# Plexiglass/ acrylic glue?



## The Guy (Nov 26, 2010)

What is used for glueing plexiglass/acrylic material? Which one is aquarium safe and where can I buy it?


----------



## Unhallowed (Sep 12, 2011)

I believe there is a sticky on the topic. With brand and type and all that.


----------



## Dietmar (Dec 15, 2011)

"Weld on"
I think #4 for normal straight true edges, 16, which is thicker, for not so good edges. The truer your cuts, the stronger the bond. 
Talk to gklaw he has done that work before.
International plastics in Surrey carries it. Im sure other co would as well.


----------



## monocus (Sep 27, 2010)

*arcrylic glue*

methylene chloride


----------



## pieces71 (Apr 21, 2010)

monocus said:


> methylene chloride


+1........


----------



## SeaHorse_Fanatic (Apr 22, 2010)

Weldon. (as others have already posted)


----------



## gklaw (May 31, 2010)

Hey Laurie :

There used to be a Industrial plastic on 64th and Glover area. You will need the generic solvent ----chloride (pretty sure the same as Weldon 4) and the needle applicator as well. A small bottle goes a long way.

You can come over to practice on some scrap pieces as well if you want. Cutting and fitting is important if you want it leak proof.

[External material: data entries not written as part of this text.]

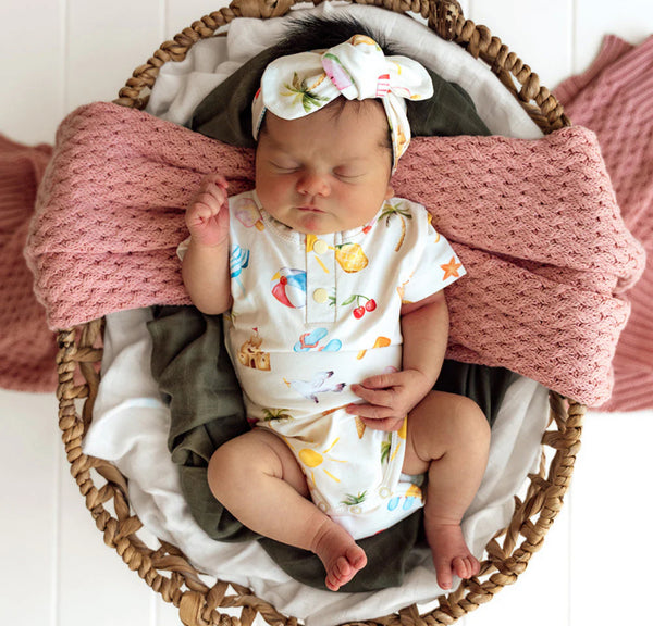 Soft and stretchy, our bodysuits are easy-care and coordinate well with our pants and shorts. Our bodysuits are also really comfortable to sleep in. All Snuggle Hunny clothing is made with GOTS Certified Organic Cotton CU 1182228.
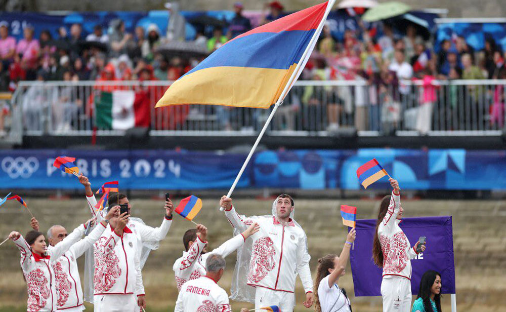 Ողիմպիական խաղերու բացման արարողութեան մասնակից խումբերու շքերթին ընթացքին, երբ Սեն գետէն անցած են հայ մարզիկները, ֆրանսական «Ֆրանս-2» պատկերասփիւռի կայանի հաղորդավարը ուղիղ եթերէն յայտնած է. «Հայերը, ի հարկէ, մեր բարեկամներն են, եւ Հայաստան պատմականօրէն ֆրանսացիներու սրտին մօտիկ երկիր է:
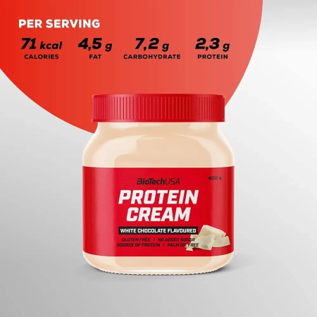 Откријте го неодоливиот вкус на BioTechUSA Protein Cream, совршен за оние кои сакаат слатки јадења, но го ценат здравиот начин на живот. Овој кремаст сон од бело чоколадо нема додаден шеќер и е збогатен со висококвалитетен протеин од сурутка. Уживајте го како намаз или во вашите омилени рецепти – без грижа на совест и со интензивен вкус.
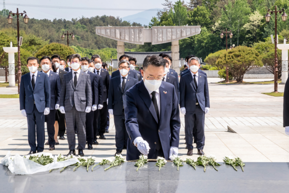 송종욱 광주은행장과 임직원은 5·18 광주민주화운동 41주년을 맞아 국립5·18민주묘지를 참배하며 민주영령들을 추모하고, 민주화운동의 숭고한 희생정신을 기렸다.
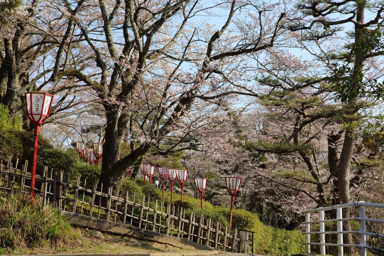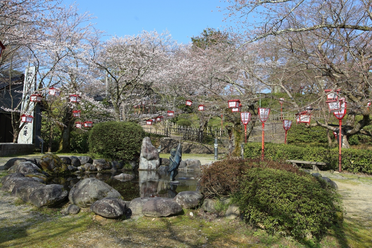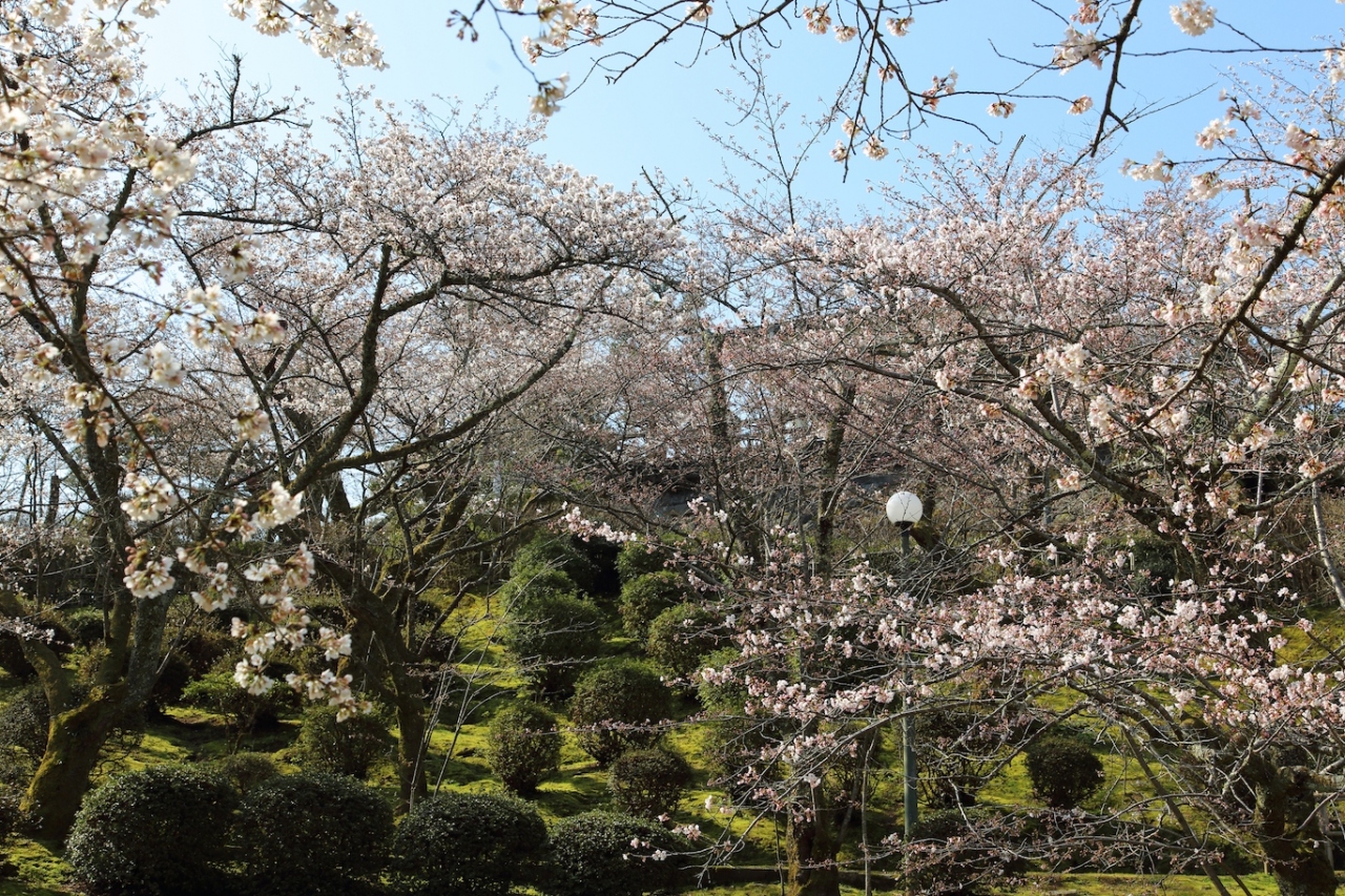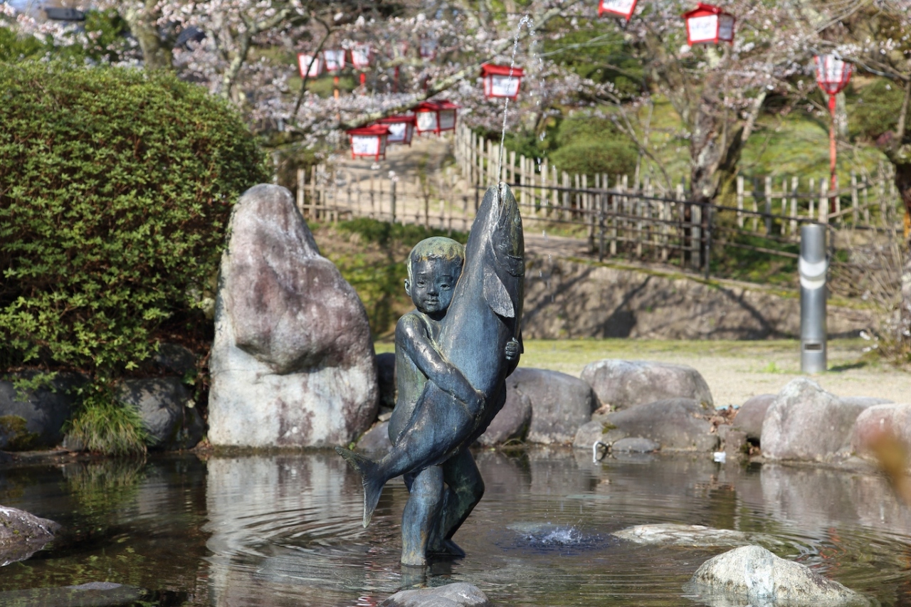 県内有数の桜の名所で、神武天皇の銅像が立つ中央広場を中心に桜が植えられています。広場にある展望休憩所から北側を見れば、一面に桜が咲き誇っている景色を眺められます。公園全体に遊歩道が整備されているので、広場から北側斜面に降りていけば、一面の桜の中を歩くことができます。私が訪問した際はまだ三分から五分咲き、というところでまだまだつぼみが目立つ状態でしたが、それでも十分に綺麗な景色を楽しめました。また、中央広場から東側に降りていけば噴水広場があり、ブリを抱えたブリ小僧の銅像が出迎えてくれます。桜をバックにしたブリ小僧と一緒に記念写真を撮るのも良いと思います。
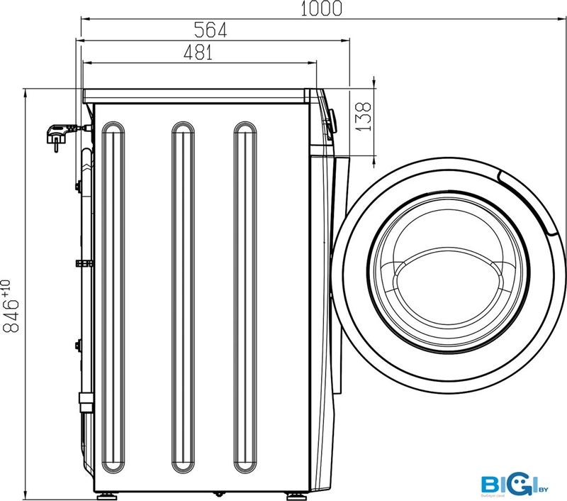 - Глубина с люком: 63.2 см
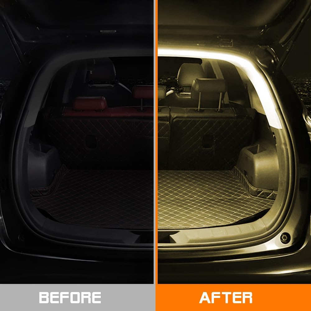 - 【Flexible Cutting+Embedded Hidden Installation】: Can be freely cut to fit the boot length of different models, ultra-thin light body embedded in the seal or gap, without damaging the original appearance of the car, to achieve ‘no trace’ lighting
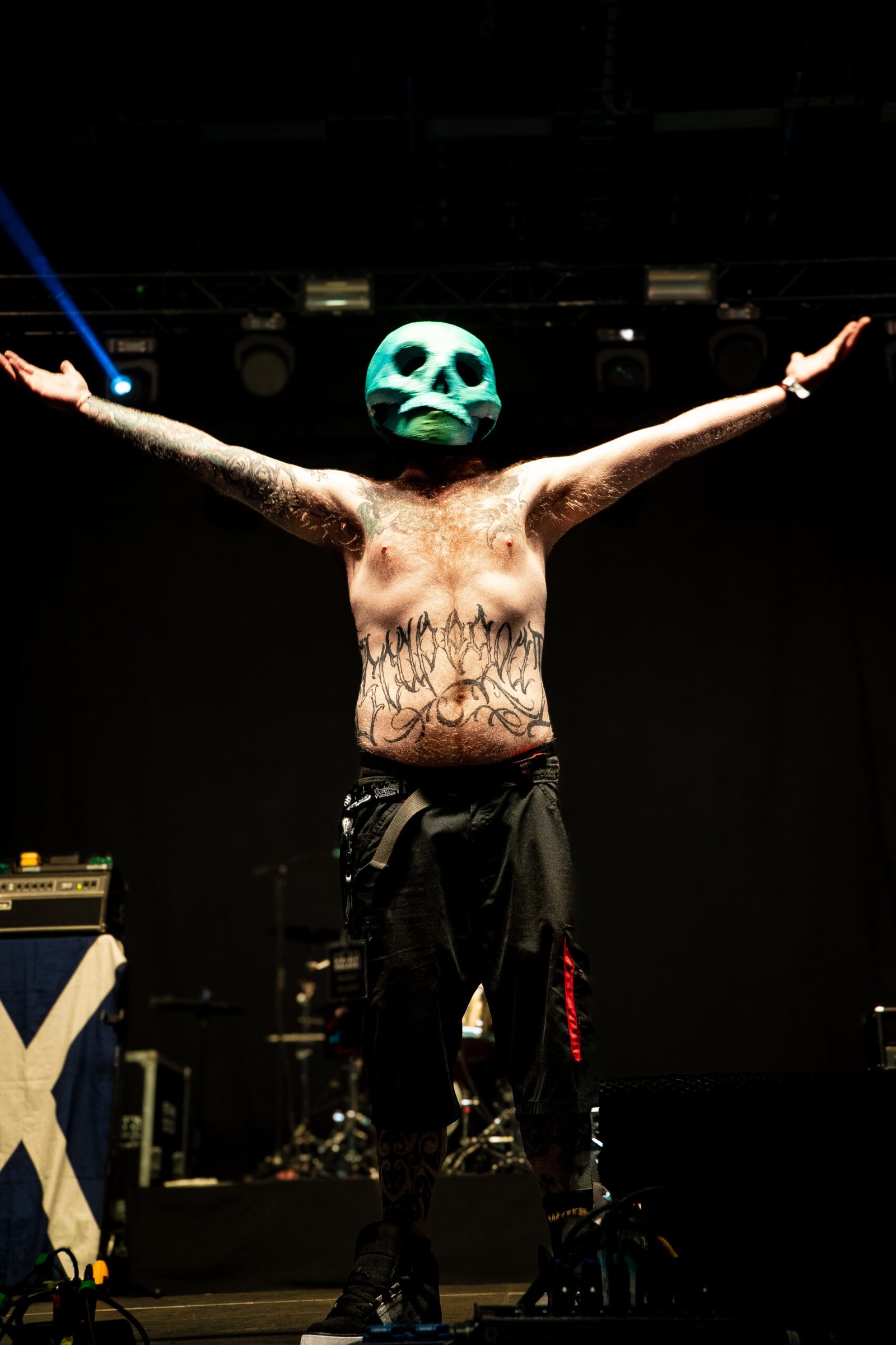 Imagine uma banda que mistura rifes brutais e pesados com uma temática humorística e colorida nos palcos. Este é o estilo dos escoceses do Party Canon. O show foi marcado por boias coloridas lançadas ao público, músicos de máscaras no mínimo engraçadas e até pênis gigantes de papelão. A par das gracinhas, a banda deixou o público presente insano, porque realmente entregou no som também.

If you are just adding partitions to a sump of something, silicon works just fine.


----------



## SeaHorse_Fanatic (Apr 22, 2010)

Actually, I built a glass sump with acrylic baffles using silicone and the baffles blew out after a couple of months. I would use Weldon (or its generic form) for acrylic sumps and aquarium safe silicone for glass on glass applications. 

Silicone works on attaching acrylic overflow boxes to glass tanks because there is no great amount of water pressure on the bond.


----------



## gklaw (May 31, 2010)

Yep, need to know what is happening as flexiglass does flex if not stiffen. I would also avoid mixing glass with plexi due to significant difference in expansion in temperature fluctuation.


----------



## The Guy (Nov 26, 2010)

*Thanks*

Thanks for all the help from everyone. :bigsmile:


----------